▶ **ABOUT THIS TASK**:
None of the pictures should be copied, though every line of the listing must be printed exactly.

▶ **SUPPLIED INFORMATION**:

# # #

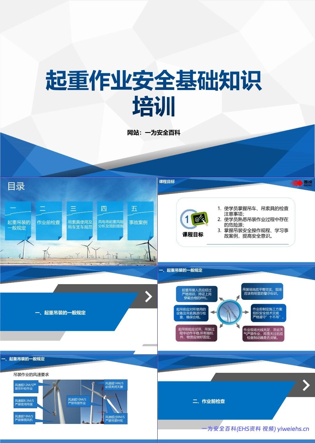 该文档为《起重作业安全基础知识培训》课件,共51页,主要面向风电场等高风险作业环境中的起重吊装操作人员,旨在提升其安全意识与规范操作能力。内容结构清晰,分为五个主要部分:
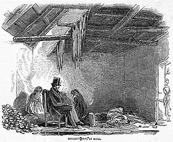 At the outbreak of the Great Famine in 1845 Traill believed that the ventilation of the traditional storage of potatoes in pits would save them from the blight, and he worked on constructing these potato pit air shafts from October 1845.[8] However he realised this would not be successful and by December was trying, in vain, to persuade the local landlords to let their tenants keep some grain so that they weren't forced to eat their seed potatoes.[3] Traill established a relief committee for his parish and wrote widely to persuade people to subscribe to it. He was shown in the Illustrated London News visiting a dying man and his family, having been sketched by James Mahony who said of Traill that "his humanity at the present moment is beyond praise".[3]
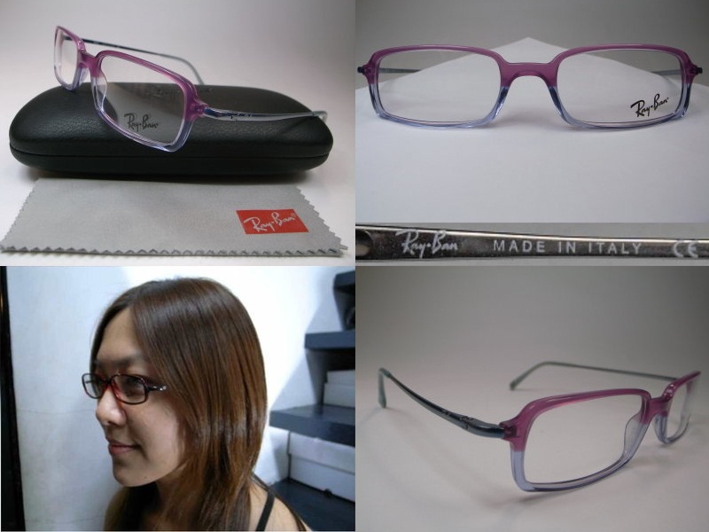 全新真品 Ray Ban 雷朋光學眼鏡, 義大利製細方框, 膠框金屬腳彈簧鏡架, 鏡架兩側有 Ray Ban 字樣.

# # #

▶ **EXPECTED ANSWER**:
 该文档为《起重作业安全基础知识培训》课件,共51页,主要面向风电场等高风险作业环境中的起重吊装操作人员,旨在提升其安全意识与规范操作能力。内容结构清晰,分为五个主要部分:
 At the outbreak of the Great Famine in 1845 Traill believed that the ventilation of the traditional storage of potatoes in pits would save them from the blight, and he worked on constructing these potato pit air shafts from October 1845.[8] However he realised this would not be successful and by December was trying, in vain, to persuade the local landlords to let their tenants keep some grain so that they weren't forced to eat their seed potatoes.[3] Traill established a relief committee for his parish and wrote widely to persuade people to subscribe to it. He was shown in the Illustrated London News visiting a dying man and his family, having been sketched by James Mahony who said of Traill that "his humanity at the present moment is beyond praise".[3]
 全新真品 Ray Ban 雷朋光學眼鏡, 義大利製細方框, 膠框金屬腳彈簧鏡架, 鏡架兩側有 Ray Ban 字樣.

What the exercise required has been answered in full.